11.1 Payments made by the Licensee under this Agreement exclude any taxes or duties payable in respect to the goods or services supplied in the jurisdiction where the payment is either made or received. To the extent that any such taxes or duties are payable by Licensor, the Licensee must pay to Licensor the amount of such taxes or duties in addition to the License Fee under this Agreement.

12. Applicable law, Exclusive venue, and Severability

12.1 This EULA shall be governed exclusively by German law excluding its conflict of laws rules and the standard UN Convention on Contracts for the International Sale of Goods (CISG).

12.2 Exclusive venue for all disputes arising from this agreement is Hamburg / Germany.

12.3 If any provision of this Agreement is prohibited, invalid or unenforceable in any jurisdiction, that provision will, as to that jurisdiction be ineffective to the extent of the prohibition, invalidity or enforcement without invalidating the remaining provisions of this Agreement or affecting the validity or enforcement of that provision in any other jurisdiction.

Appendix A – Trial Period

The Licensee may test the Software free of charge for a period of 30 days by downloading the Software via the button “Try it free” on the Licensor’s Marketplace page.
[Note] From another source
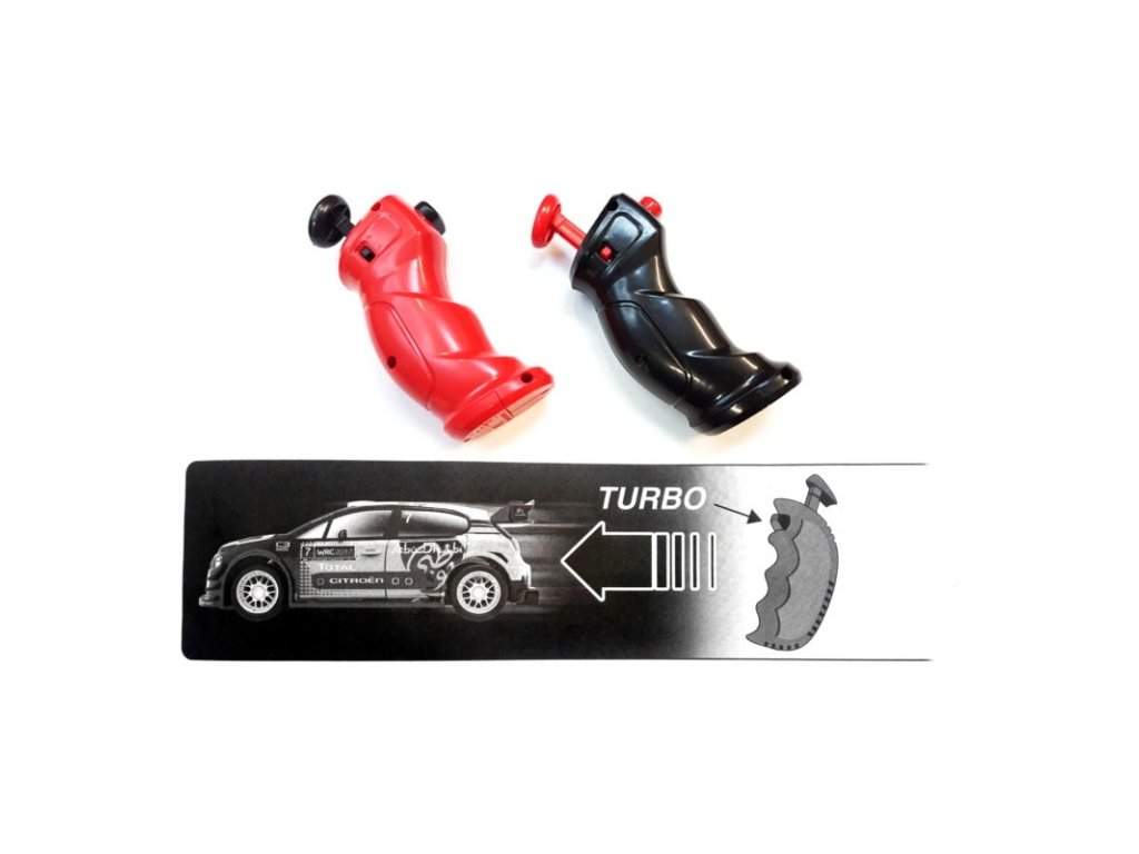 Každý ovladač, je kromě vypínače, vybaven proporcionální tlačítkem na ovládání plynu a tlačítkem TURBO, které okamžitě přidá plný plyn a zvýší rychlost autíčka na maximum.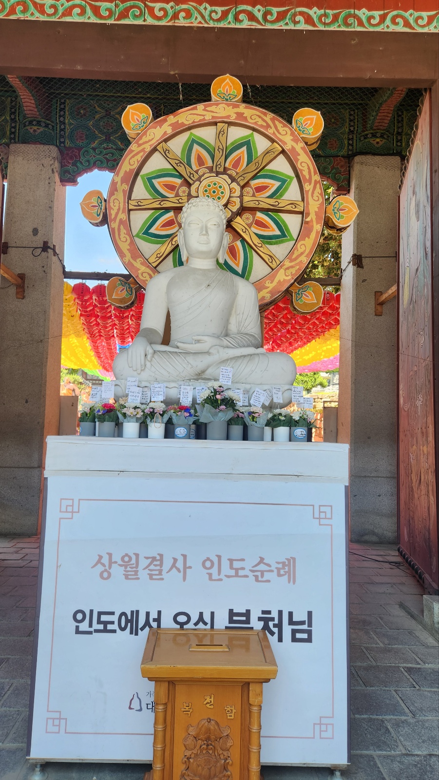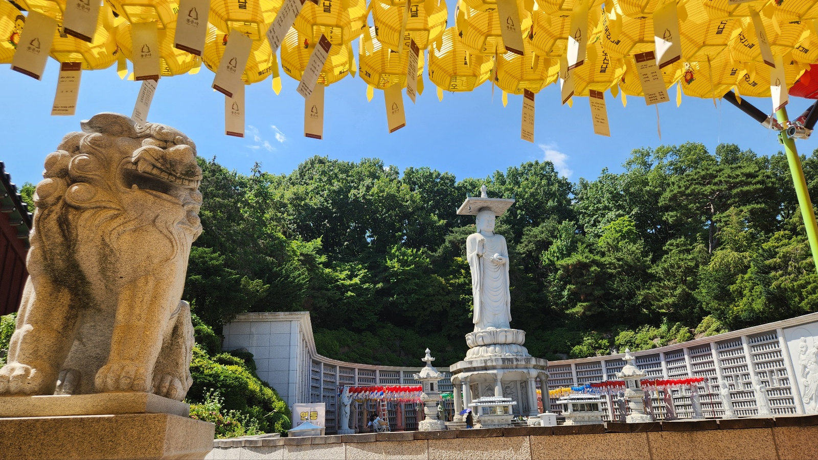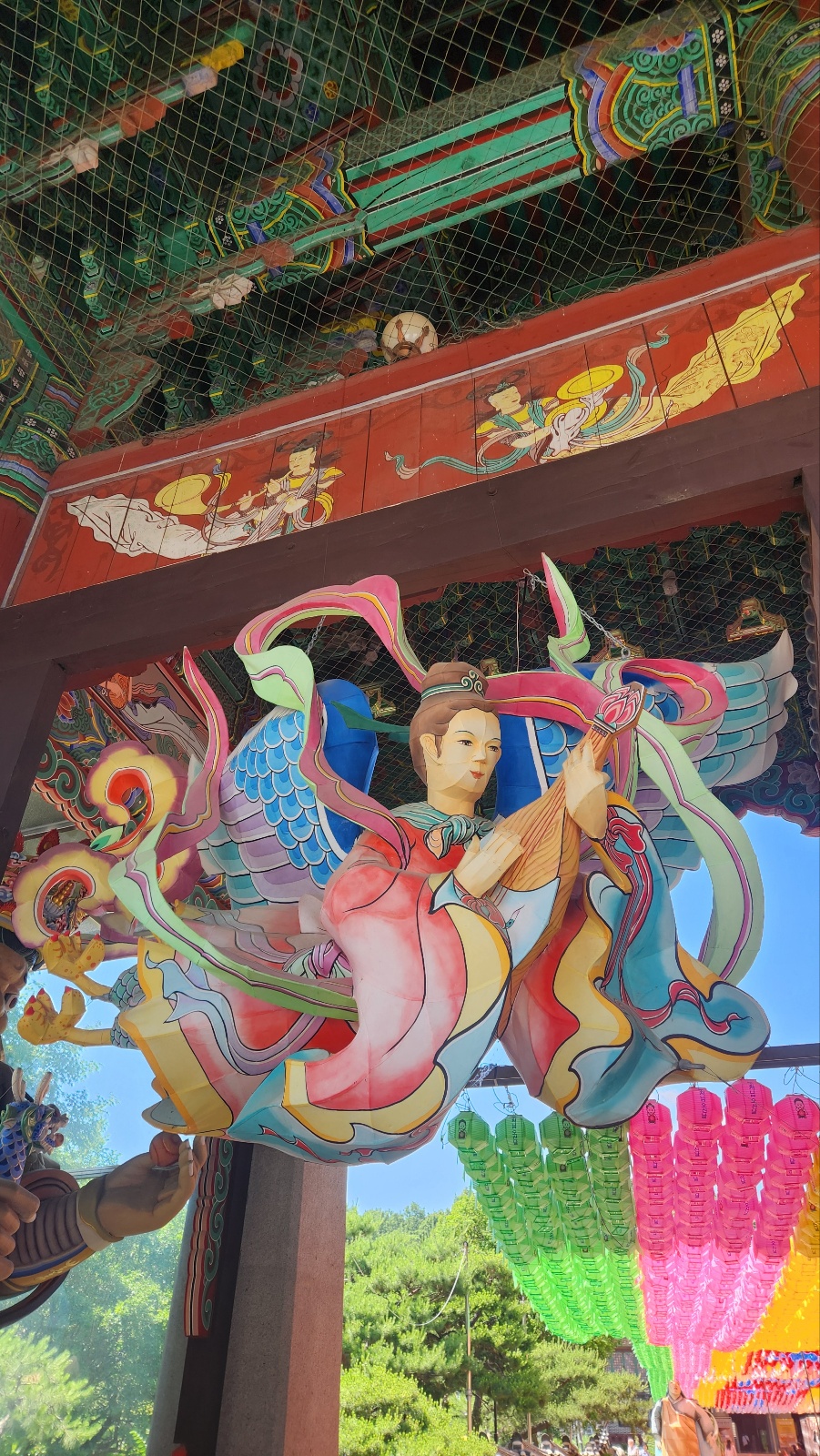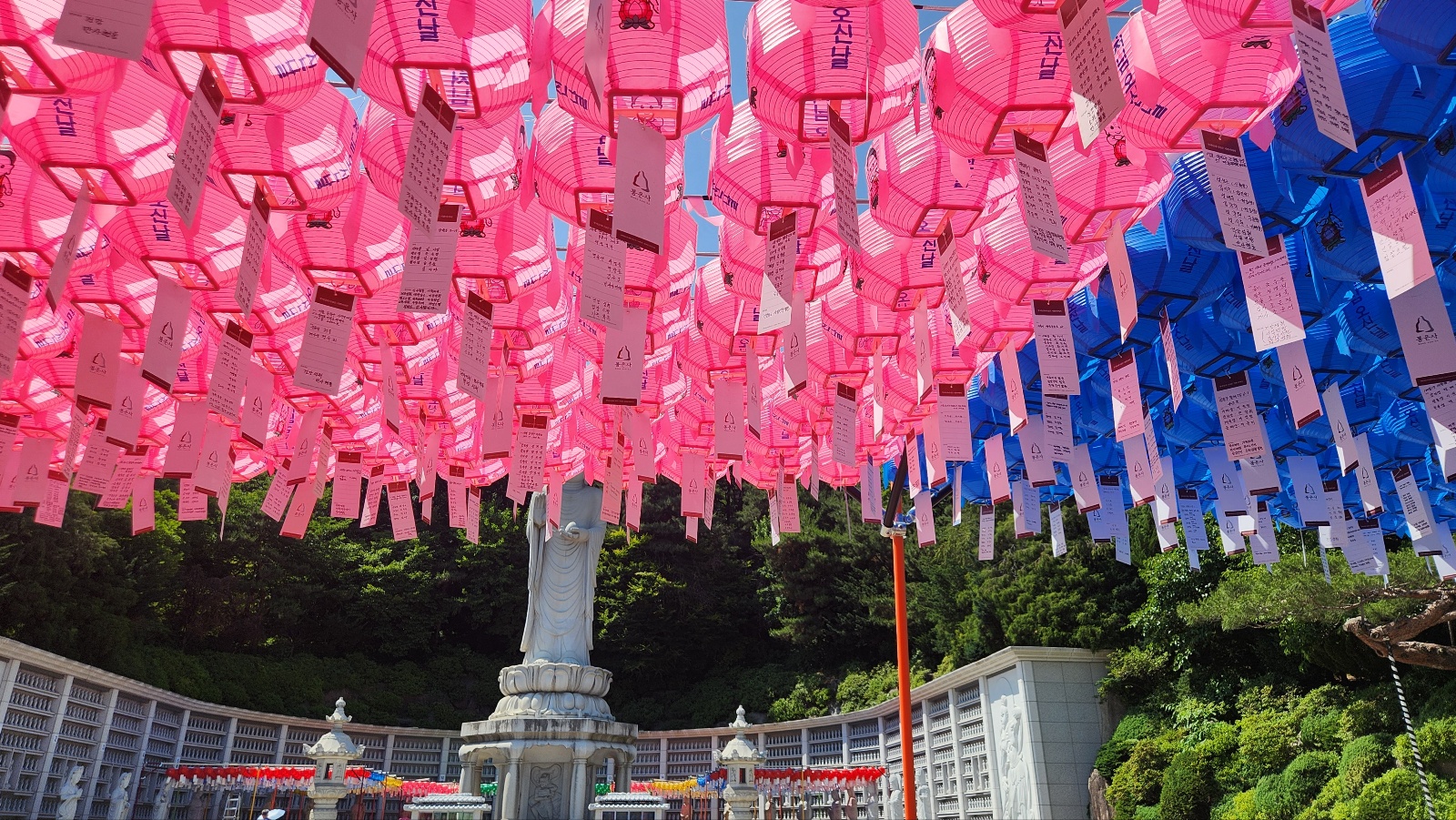 연등 밑에 달려있는 염원들을 이루어지도록

The Licensee may renew the Test License five times, each time by downloading the Software via the button “Try it free” on the Licensor’s Marketplace page again. With the expiry of each Trial Period the Software will automatically stop functioning.

The following provisions shall apply to Trial Periods and take precedence over the general provisions of this EULA set in sections 1 to 12:

1. The Licensor shall not be obliged to any maintenance or support. The statutory provisions of the German Civil Code shall apply in respect of Our warranty and liability obligations.

2. The Licensor shall grant to the Licensee a worldwide, nonexclusive, right of use of the Software for 30 days – solely on hardware systems owned, leased or controlled by the Licensee.

3. The Licensee shall not be entitled to transfer the Software or any parts thereof to a third party.

4. The right granted to Licensee pursuant to sec. 2 of this appendix shall commence with the download of the Software.

5. The statutory provisions of the German Civil Code shall apply in respect of the Licensor’s warranty and liability obligations.